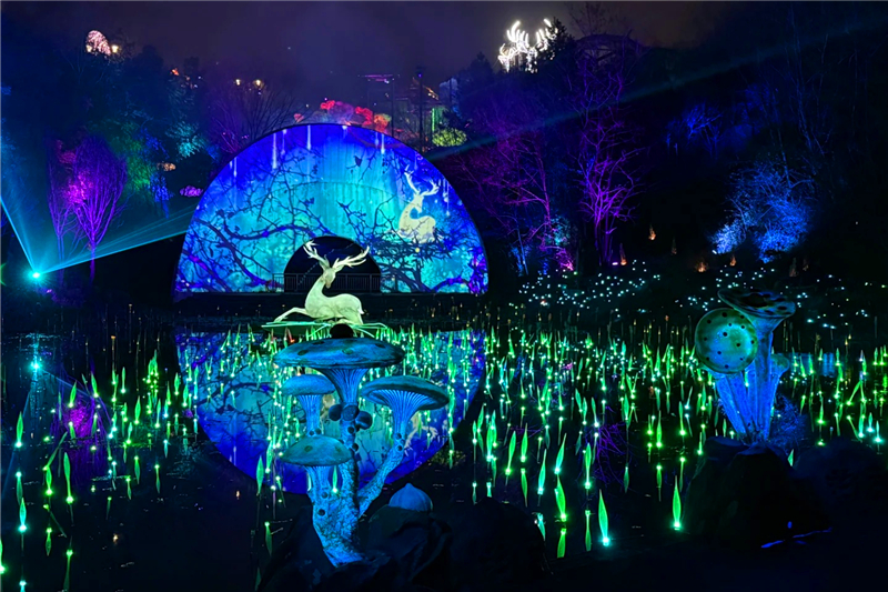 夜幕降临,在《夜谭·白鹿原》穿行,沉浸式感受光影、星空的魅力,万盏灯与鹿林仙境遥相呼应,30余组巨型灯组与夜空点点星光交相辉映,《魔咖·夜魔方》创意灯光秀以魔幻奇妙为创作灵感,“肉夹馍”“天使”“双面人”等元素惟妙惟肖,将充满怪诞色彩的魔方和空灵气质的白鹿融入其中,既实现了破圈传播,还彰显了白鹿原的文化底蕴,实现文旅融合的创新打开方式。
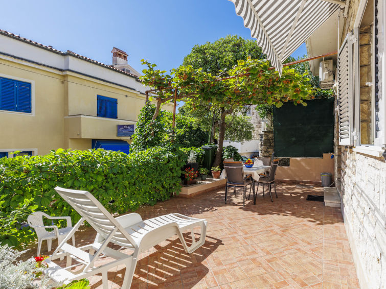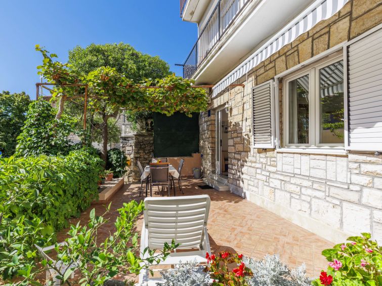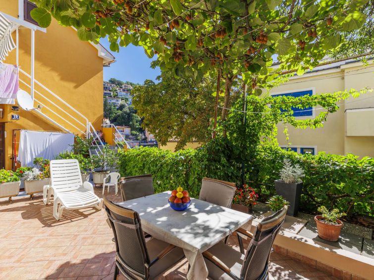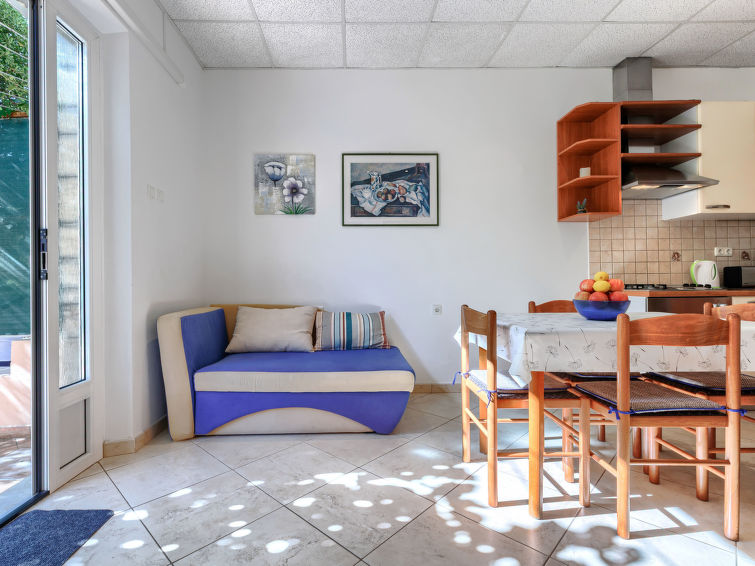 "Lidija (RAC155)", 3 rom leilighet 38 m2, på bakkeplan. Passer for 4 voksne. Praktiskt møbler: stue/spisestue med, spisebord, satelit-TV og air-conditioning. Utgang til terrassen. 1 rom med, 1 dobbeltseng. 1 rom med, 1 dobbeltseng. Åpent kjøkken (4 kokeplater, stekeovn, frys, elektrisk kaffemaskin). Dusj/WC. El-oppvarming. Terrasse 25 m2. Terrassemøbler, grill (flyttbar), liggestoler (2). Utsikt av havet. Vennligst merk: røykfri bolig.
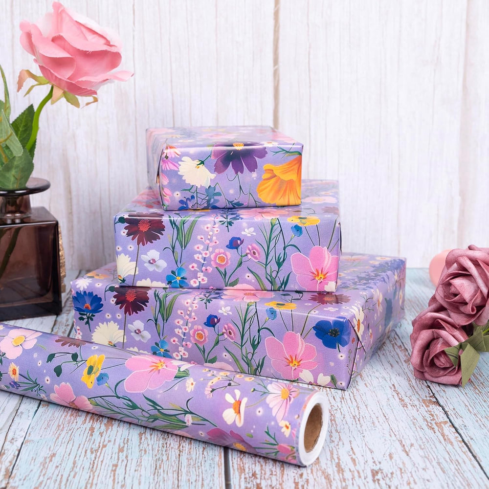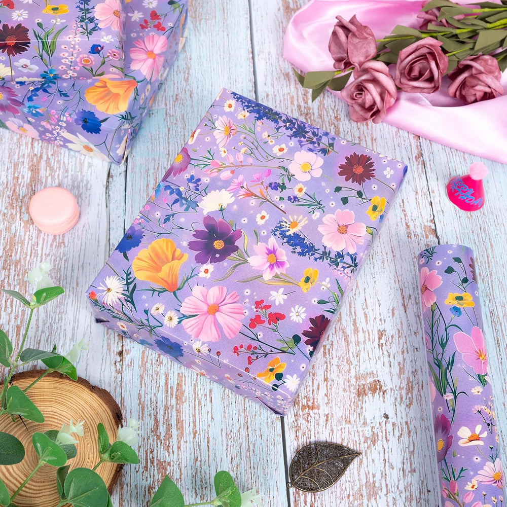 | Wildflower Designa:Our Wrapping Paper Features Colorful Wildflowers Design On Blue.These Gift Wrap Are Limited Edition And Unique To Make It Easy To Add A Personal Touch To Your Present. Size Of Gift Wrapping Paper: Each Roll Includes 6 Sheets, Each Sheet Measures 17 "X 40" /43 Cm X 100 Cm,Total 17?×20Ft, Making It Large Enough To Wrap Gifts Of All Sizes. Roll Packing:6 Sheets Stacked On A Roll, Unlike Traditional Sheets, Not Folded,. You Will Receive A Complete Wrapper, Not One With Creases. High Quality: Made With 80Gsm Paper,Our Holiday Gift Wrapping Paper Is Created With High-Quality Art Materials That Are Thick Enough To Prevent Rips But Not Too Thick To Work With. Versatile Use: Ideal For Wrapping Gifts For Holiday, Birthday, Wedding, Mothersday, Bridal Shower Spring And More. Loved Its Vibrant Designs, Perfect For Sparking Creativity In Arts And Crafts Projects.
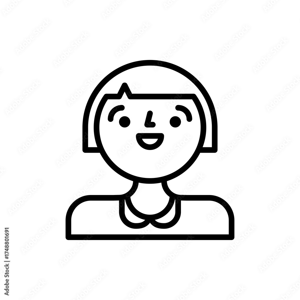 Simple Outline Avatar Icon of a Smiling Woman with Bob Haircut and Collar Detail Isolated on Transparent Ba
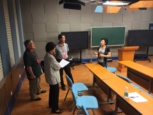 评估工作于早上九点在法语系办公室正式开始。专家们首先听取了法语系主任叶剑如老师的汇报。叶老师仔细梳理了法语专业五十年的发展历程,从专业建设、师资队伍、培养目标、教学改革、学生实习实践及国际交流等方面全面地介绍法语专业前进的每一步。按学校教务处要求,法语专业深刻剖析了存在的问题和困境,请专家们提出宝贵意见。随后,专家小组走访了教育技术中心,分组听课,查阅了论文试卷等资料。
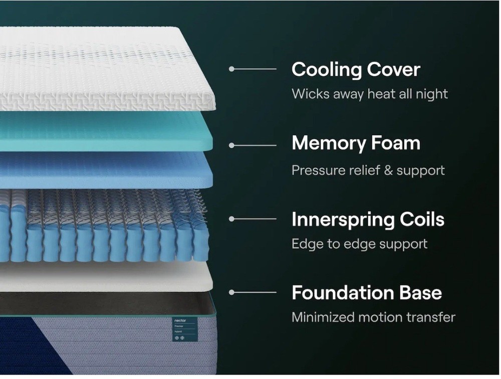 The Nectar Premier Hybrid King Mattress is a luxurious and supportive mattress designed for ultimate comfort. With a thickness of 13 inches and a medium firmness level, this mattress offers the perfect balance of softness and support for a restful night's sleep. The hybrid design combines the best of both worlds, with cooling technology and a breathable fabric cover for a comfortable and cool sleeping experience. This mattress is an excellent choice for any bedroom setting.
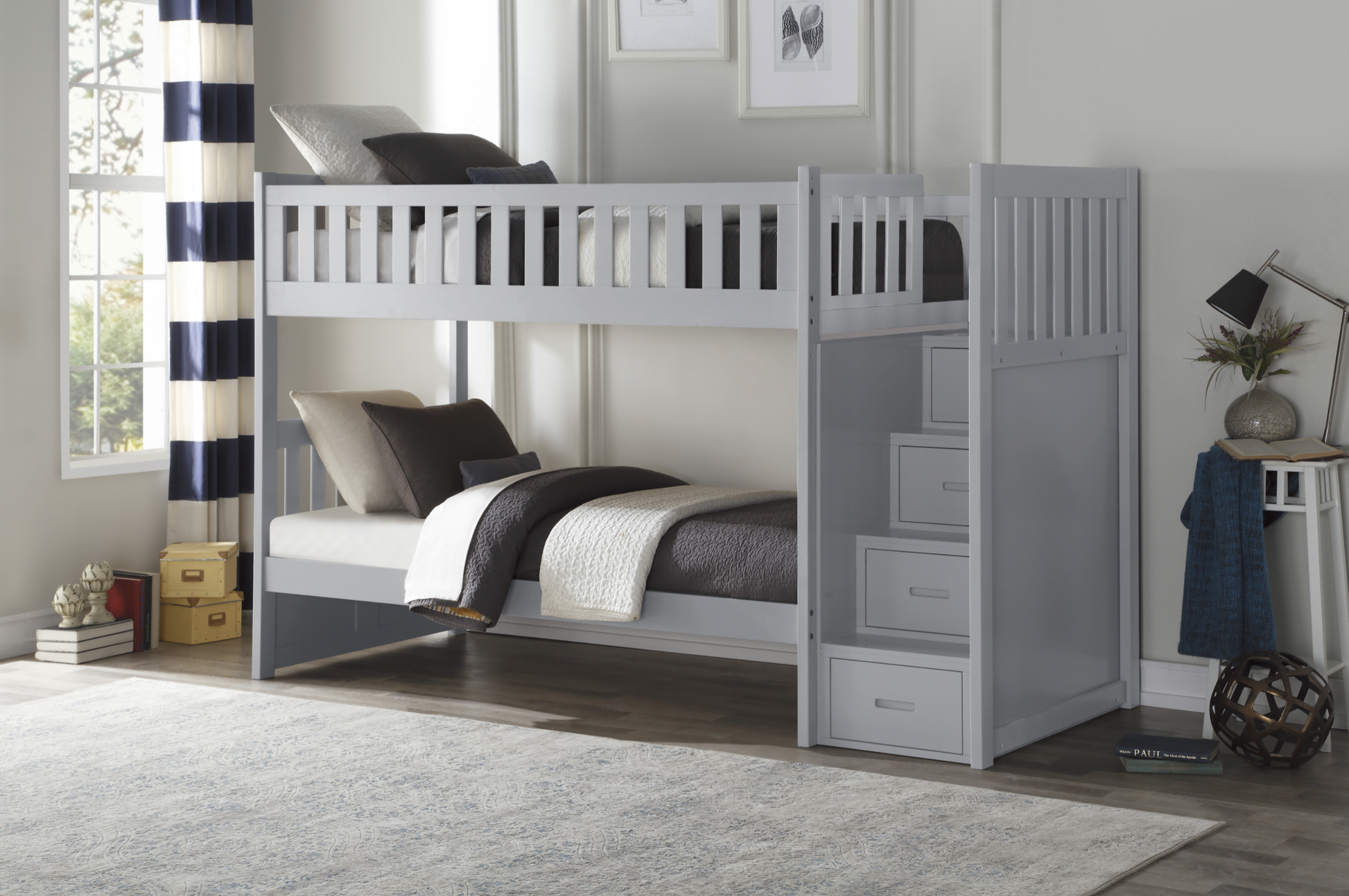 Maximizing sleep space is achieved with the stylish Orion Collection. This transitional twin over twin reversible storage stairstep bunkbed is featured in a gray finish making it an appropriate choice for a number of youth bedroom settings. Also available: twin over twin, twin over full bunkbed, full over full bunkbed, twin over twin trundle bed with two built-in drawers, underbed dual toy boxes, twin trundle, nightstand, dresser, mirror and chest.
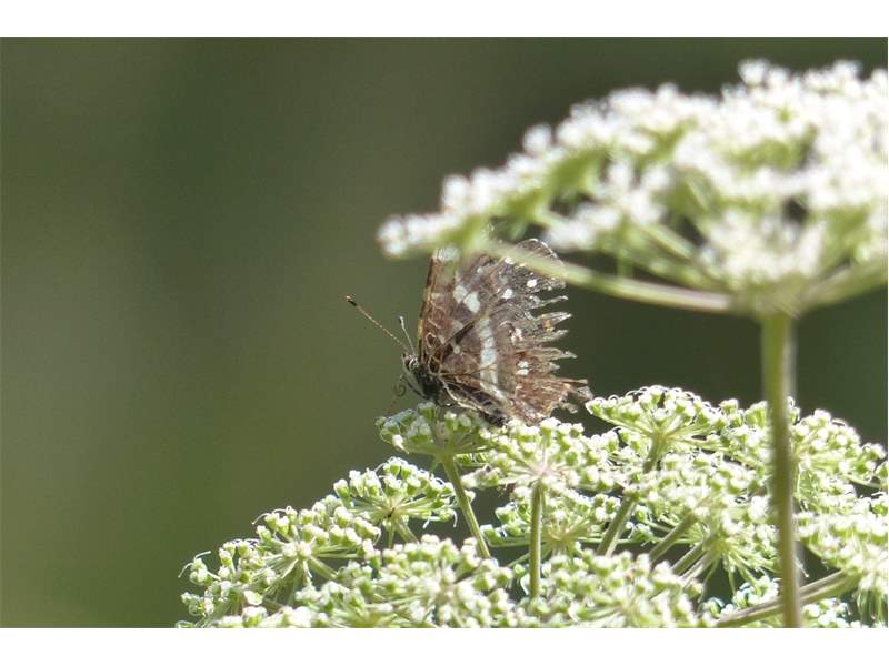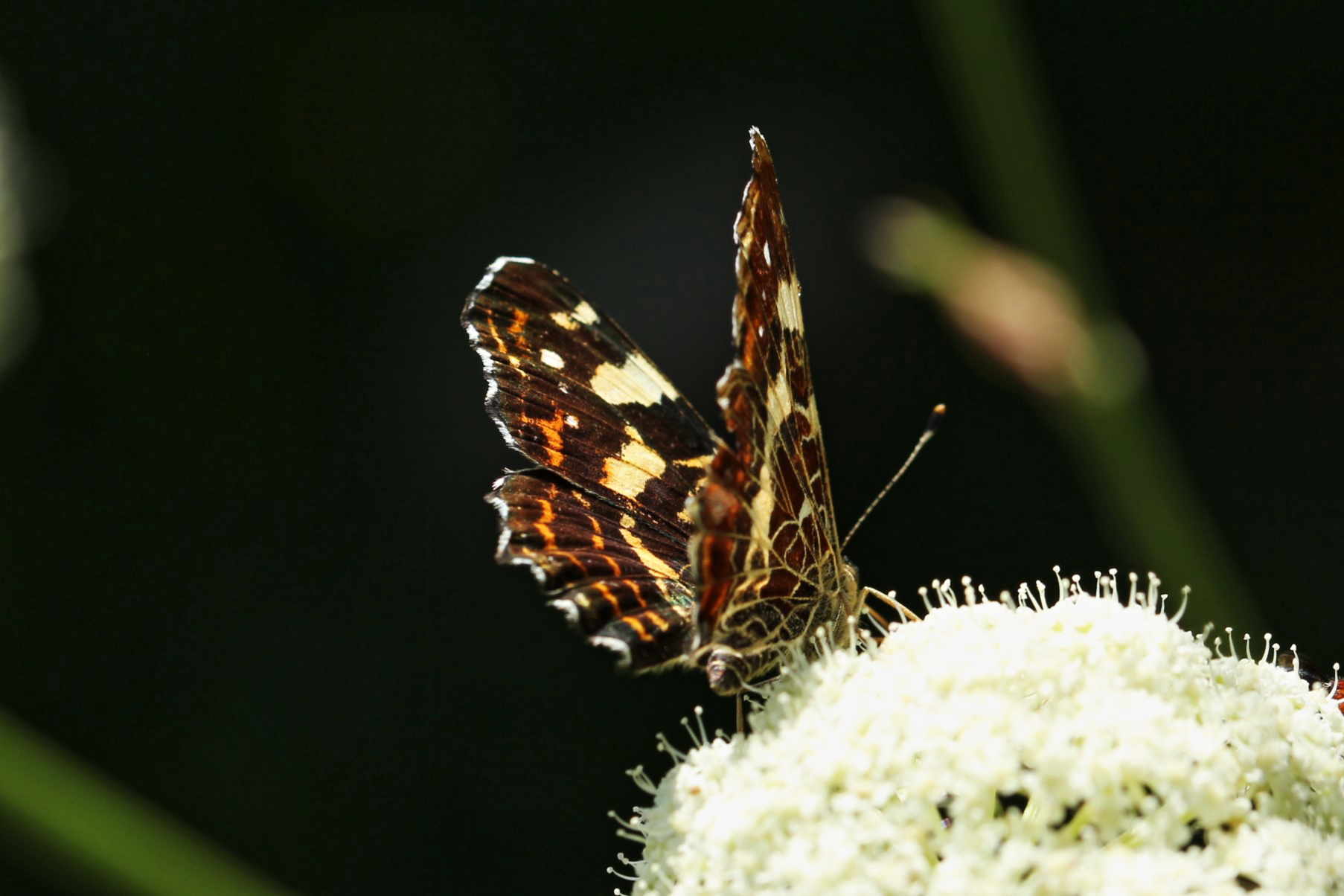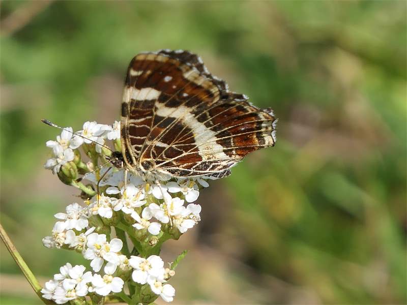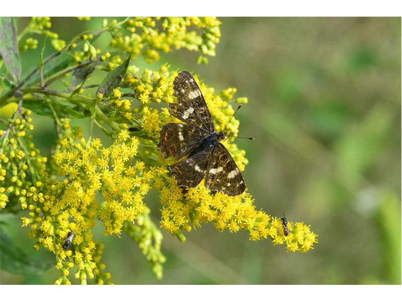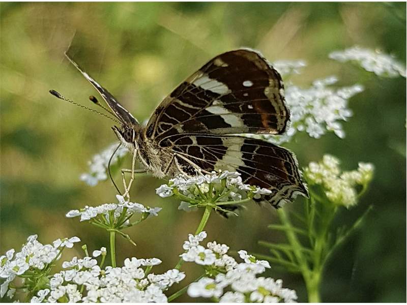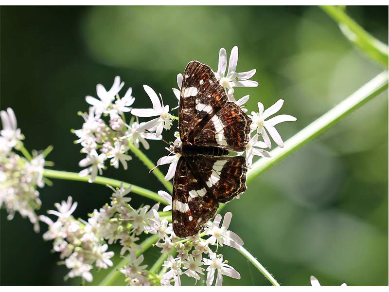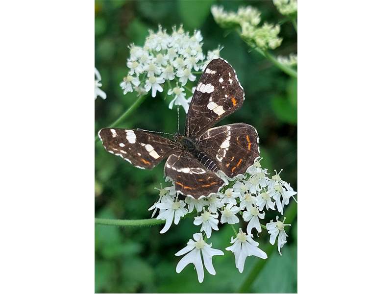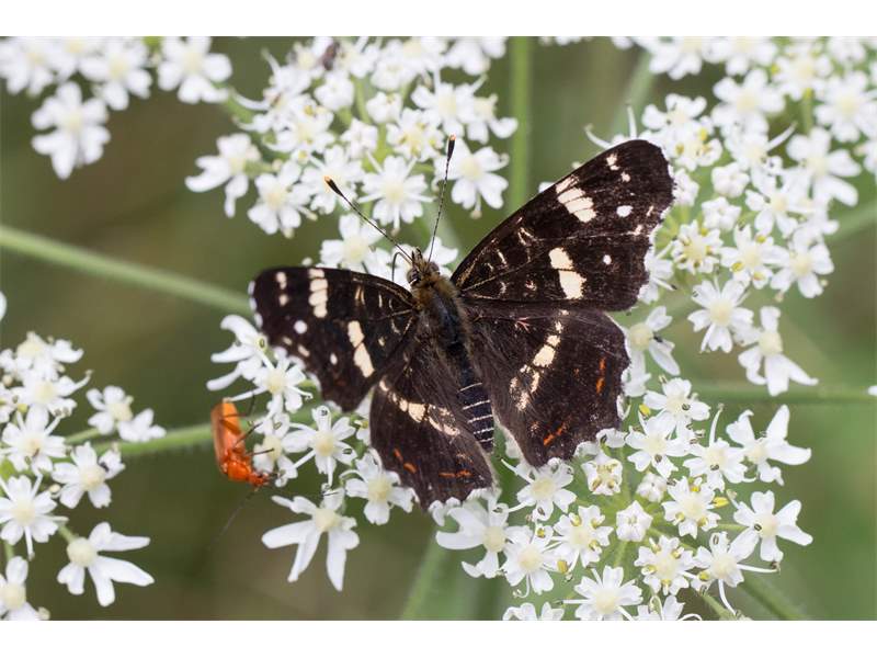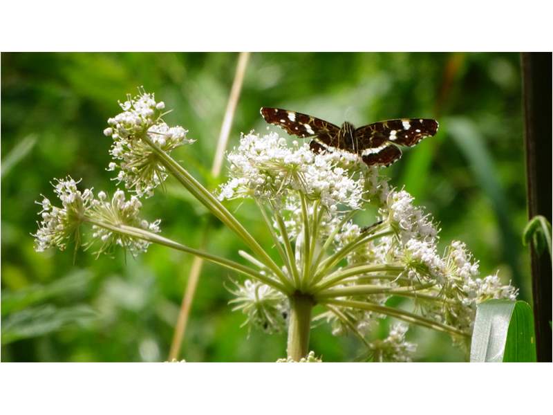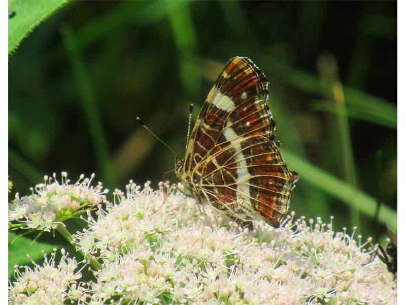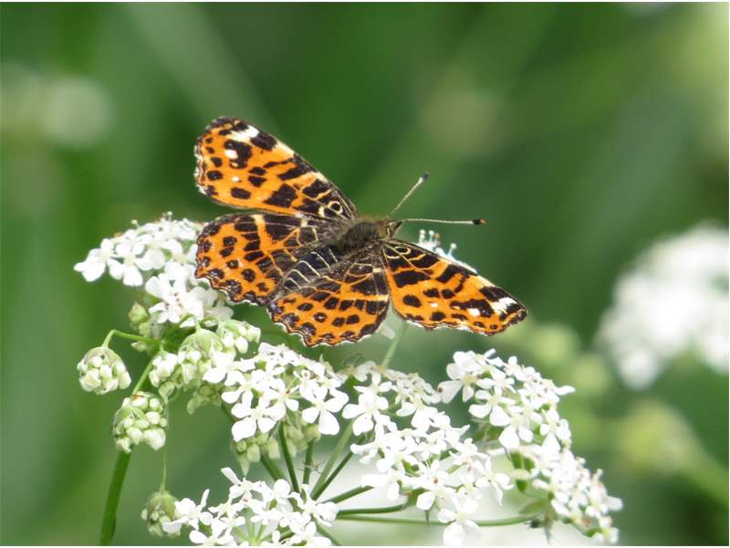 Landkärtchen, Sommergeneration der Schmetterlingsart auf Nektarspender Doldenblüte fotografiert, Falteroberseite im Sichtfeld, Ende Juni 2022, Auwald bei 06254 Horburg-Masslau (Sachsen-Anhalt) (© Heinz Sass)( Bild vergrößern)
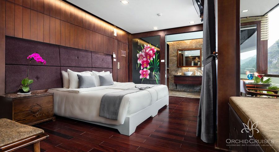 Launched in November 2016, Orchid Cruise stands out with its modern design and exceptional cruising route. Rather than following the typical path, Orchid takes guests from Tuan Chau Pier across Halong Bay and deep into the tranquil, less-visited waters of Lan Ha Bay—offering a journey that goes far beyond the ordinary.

Aim of the exercise: Write out exactly the opening lines of the data, stopping after the line that holds "merk: røykfri bolig.". Exclude pictures.

Solution:
 夜幕降临,在《夜谭·白鹿原》穿行,沉浸式感受光影、星空的魅力,万盏灯与鹿林仙境遥相呼应,30余组巨型灯组与夜空点点星光交相辉映,《魔咖·夜魔方》创意灯光秀以魔幻奇妙为创作灵感,“肉夹馍”“天使”“双面人”等元素惟妙惟肖,将充满怪诞色彩的魔方和空灵气质的白鹿融入其中,既实现了破圈传播,还彰显了白鹿原的文化底蕴,实现文旅融合的创新打开方式。
 "Lidija (RAC155)", 3 rom leilighet 38 m2, på bakkeplan. Passer for 4 voksne. Praktiskt møbler: stue/spisestue med, spisebord, satelit-TV og air-conditioning. Utgang til terrassen. 1 rom med, 1 dobbeltseng. 1 rom med, 1 dobbeltseng. Åpent kjøkken (4 kokeplater, stekeovn, frys, elektrisk kaffemaskin). Dusj/WC. El-oppvarming. Terrasse 25 m2. Terrassemøbler, grill (flyttbar), liggestoler (2). Utsikt av havet. Vennligst merk: røykfri bolig.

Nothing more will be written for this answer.